Human cases can occur through direct contact with infected birds (dead or alive) or contaminated environments. For instance, infection has been reported after defeathering of dead H5N1-infected swans (the virus can survive in feathers for more than five months). And while it’s “thought to be possible” (meaning only a matter of time), to date there are no documented cases of humans contracting the virus from a mammalian pet despite increasing reports of mammal-to-mammal transmission and spillover from infected livestock (numerous human cases in the U.S. were contracted from dairy cattle).
Mutations within some Eurasian/North American strains of the virus show enhanced replication in mammalian cells, evasion of immune response, and increased virulence (remember COVID19’s Omicron and Delta variants?). As well, pathogenicity and transmissibility studies indicate these emerging strains indeed cause more severe illness, and—let’s call this worse—that some common flies and beetles can act as mechanical transmitters of H5N1 and other avian viruses. Uh oh.
How did this mess start? Pretty routinely: Arising in Asia in 2020, it travelled to Europe with migrating birds and into poultry flocks, millions of which were culled. Then the story got stranger. The virus moved into seabirds and on to sea mammals. In North America, its arrival was off the radar. In December 2021, while we were all in the throes of our own pandemic, bird flu turned up on a farm outside St. John’s, Newfoundland. Hundreds of farm birds died, and the rest were culled. But culling doesn’t matter for wild birds, which died in droves across the country.
There have been 900 human cases globally with a mortality rate of 52 per cent. That makes COVID’s 1.4 per cent mortality rate seem like diaper rash.
The jump from seabirds to sea mammals was the eye-opener. In October 2023, the virus killed 17,400 elephant seal pups in Argentina—95 per cent of the colony’s young—and some 24,000 South American sea lions; in the U.S. alone, 90 million birds were culled in a failed attempt to stop a virus that was now simultaneously killing mammals (in Eastern Canada as well) from squirrels to raccoons, foxes to skunks and dolphins to polar bears before infiltrating livestock for the first time by jumping to dairy cows. Virologists have never seen anything like it.
We’re told that HPAIs aren’t a food-safety concern, largely because pasteurization (milk) and cooking (eggs, poultry, beef) tend to kill and disassemble viruses. Indeed, every meat and dairy product we currently eat is already swimming in viruses and bacteria like Salmonella and E. coli that require proper handling.
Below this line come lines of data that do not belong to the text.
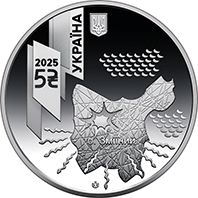 | На аверсі монети на дзеркальному тлі зображено абрис острова Зміїний, який було успішно звільнено за підтримки САУ “Богдана”. Поблизу острова – стилізовані змії, які залишають територію, як символ відступу ворога. Угорі монети – малий Державний Герб України; ліворуч на блискавкоподібних зигзагах, що уособлюють потужність ударів артилерії, розташовані написи: УКРАЇНА (вертикально), рік карбування монети – 2025, а також номінал 5 та графічний знак гривні. Унизу по центру зазначено логотип Банкнотно-монетного двору Національного банку України. |
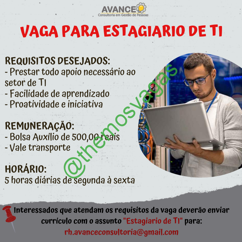 – Interessados(as) e que atendam ao perfil solicitado acima, devem enviar o currículo até /08/2020 para o e-mail rh.avanceconsultoria@gmail.com contendo no título/assunto “Estagiario de TI
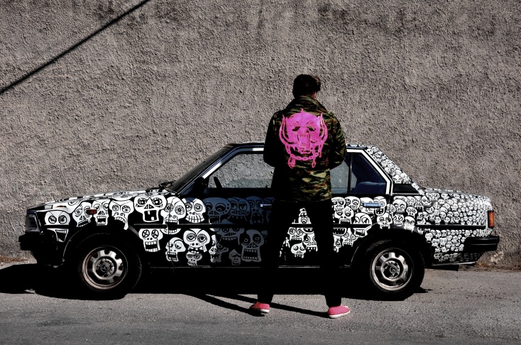 Το αμάξι μου. Η στραcarστρούκα. Επιζωγραφισμένη με νεκροκεφαλάκια απ’ την κορφή ως τα νύχια. Έχει τραβήξει την προσοχή επειδή βρίσκεται εν κινήσει και σε δημόσια θέα μονίμως.

But if you choose to eat raw, look out. A recent study confirms high virus-level infections in rodents fed H5N1-contaminated raw milk. In a June 2024 update, the USDA Animal and Plant Health Inspection Service reported 36 more H5N1 detections in wild house mice in the same New Mexico county, as well as four in local domestic cats (which eat mice and birds). WastewaterSCAN, a national monitoring system based at Stanford University, launched an H5N1 avian influenza wastewater dashboard that now shows detections at about a dozen locations.
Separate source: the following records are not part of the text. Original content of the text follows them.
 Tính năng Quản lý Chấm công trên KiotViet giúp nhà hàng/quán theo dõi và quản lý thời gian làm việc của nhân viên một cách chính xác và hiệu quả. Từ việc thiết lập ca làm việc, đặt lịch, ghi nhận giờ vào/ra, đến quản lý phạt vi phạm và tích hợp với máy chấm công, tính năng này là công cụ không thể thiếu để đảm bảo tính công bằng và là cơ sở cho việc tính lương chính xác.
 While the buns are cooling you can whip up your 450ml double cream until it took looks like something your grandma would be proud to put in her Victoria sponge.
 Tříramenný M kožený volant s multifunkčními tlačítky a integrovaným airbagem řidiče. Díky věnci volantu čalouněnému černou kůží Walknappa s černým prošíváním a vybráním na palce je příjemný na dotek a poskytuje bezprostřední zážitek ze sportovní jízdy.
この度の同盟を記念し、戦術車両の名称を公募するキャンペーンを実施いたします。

Is H5N1 coming for us? Is it really only a matter of time before it mutates enough to not just jump into humans, but move between us? Epidemiologists think so. Finland was the first country to offer avian influenza vaccines to poultry farmers, veterinarians, scientists and people who work on fur farms (mink are highly susceptible). In June, the U.S. contracted for millions of H5N1 flu vaccine doses to add to its stockpile, and the EU likewise planned to make 40 million doses for 15 countries. Beyond a dedicated vaccine, having had a number of different seasonal influenza vaccinations might also confer some level of immunity to H5N1. But for now, I suggest we all pay closer attention to a situation that is not only fast-evolving, but unprecedented in the annals of global disease.